Looking at 2 choices and taking budget into consideration.

I'm looking at a mix of salt and fresh water use, with salt water being the majority of my use for an electric motor.

Question: For use in Saltwater and taking budget and reliability into consideration.

Is it better to buy a saltwater Water Snake or a Mini Kota freshwater model. I've read the Water snake is salt water proof but doesn't have the quality of the mini Kota, yet the Mini Kota is reliable but have read you could get away with using a freshwater version in salt, if you clean thoroughly 
and add a sacrificial anode.

I don't have the money for the Mini Kota Riptide , and was told by a staff member at BCF I could get away with using a Mini Kota freshwater in salt with care and understand there is a warranty issue.

Finally how is it I have NOT been able to find Riptide models at 30lbs thrust or less, am I not looking in the right place online.

Any feedback would be a huge help

Cheers

Shoota


----------



## TRAVELLER (Sep 13, 2010)

SOME INFORMATION

Personally fresh water would be fine its made well and the only real difference is the sacrificial anode.

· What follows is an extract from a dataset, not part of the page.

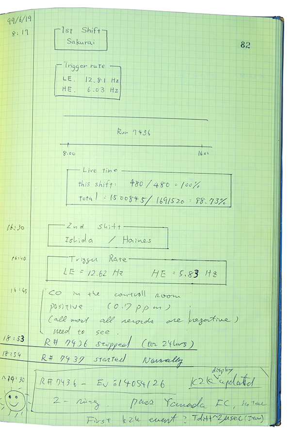 The neutrino experiment K2K (KEK to Kamioka) collaboration shares a logbook with Super-Kamiokande scientists at its far detector site 250 kilometers from KEK in Tsukuba. Taku Ishida and Todd Haines were sitting in the control room of Super-K on the evening of Saturday, June 19, 1999. Taku saw a particle event displayed after it registered in the detector, and he entered his observations in the logbook. The event was also circulated with an automatic email alert, and Yoshitaka Itow was among those to dive into the immediate analysis. Forty-two minutes later, Yoshitaka expressed his feeling that “this is the candidate.” The first muon neutrino event from an accelerator-based long-baseline experiment had been observed.

55000	Transom Motors	Venom ETW34 Transom	34lb	12v	36"	32	Extended Tiller	5 Fwd / 2 Rev $201 - $400 Compleat Angle

55006	Transom Motors	Tracer FWT30 Transom	30lb	12v	30"	30	Fixed Tiller	5 Fwd / 2 Rev $201 - $400 Compleat Angler

55029	Transom Motors	Watersnake Venom ETW34 Inflat. Motor	34lb	12V	26"	-	Extendable Hand Tiller	5/2 $201 - $400 Compleat Angler, Pro Stores, Tackle World

55042	Transom Motors	ASP T18-FW Transom 18lb	12v	24"	15	Fixed Tiller	Hi-Lo $101 - $200 Compleat Angler

55043	Transom Motors	ASP T18-SW Transom 18lb	12v	24"	15	Fixed Tiller	Hi-Lo $101 - $200 Compleat Angle

55199	Transom Motors	ASP T24-SW Transom 24lb	12V	24"	-	Stow-away hand tiller	2/2 $101 - $200 Compleat Angler, Pro Stores, Tackle World


----------



## Shoota (May 8, 2011)

Thanks Traveller,

Very informative post and will take notice of your information.

I wonder if anybody has ever fitted a jet engine to a yak.

Cheers

Shoota


----------



## crag (Nov 8, 2010)

shoota,Ive had a freshwater min kota for the last 20 years on my canoes/kayaks probably spent a third of its life in salt or brackish, always flush with fresh water after use and never had an issue.Having said that Ive just bought a salt water ,bowmount watersnake for my tinny purely on price.I could buy two and a half watersnakes for the price of similar min kota.I thought if it craps itself just out of warranty as things tend to do then Id just buy another one as it wont be getting a flogging every day.The only thing Ive heard of in the way of problems with the snakes is the locking catch so I just take abit of care puting it up and down and hopefully all will be ok.hope thats of some use.cheeers craig.


----------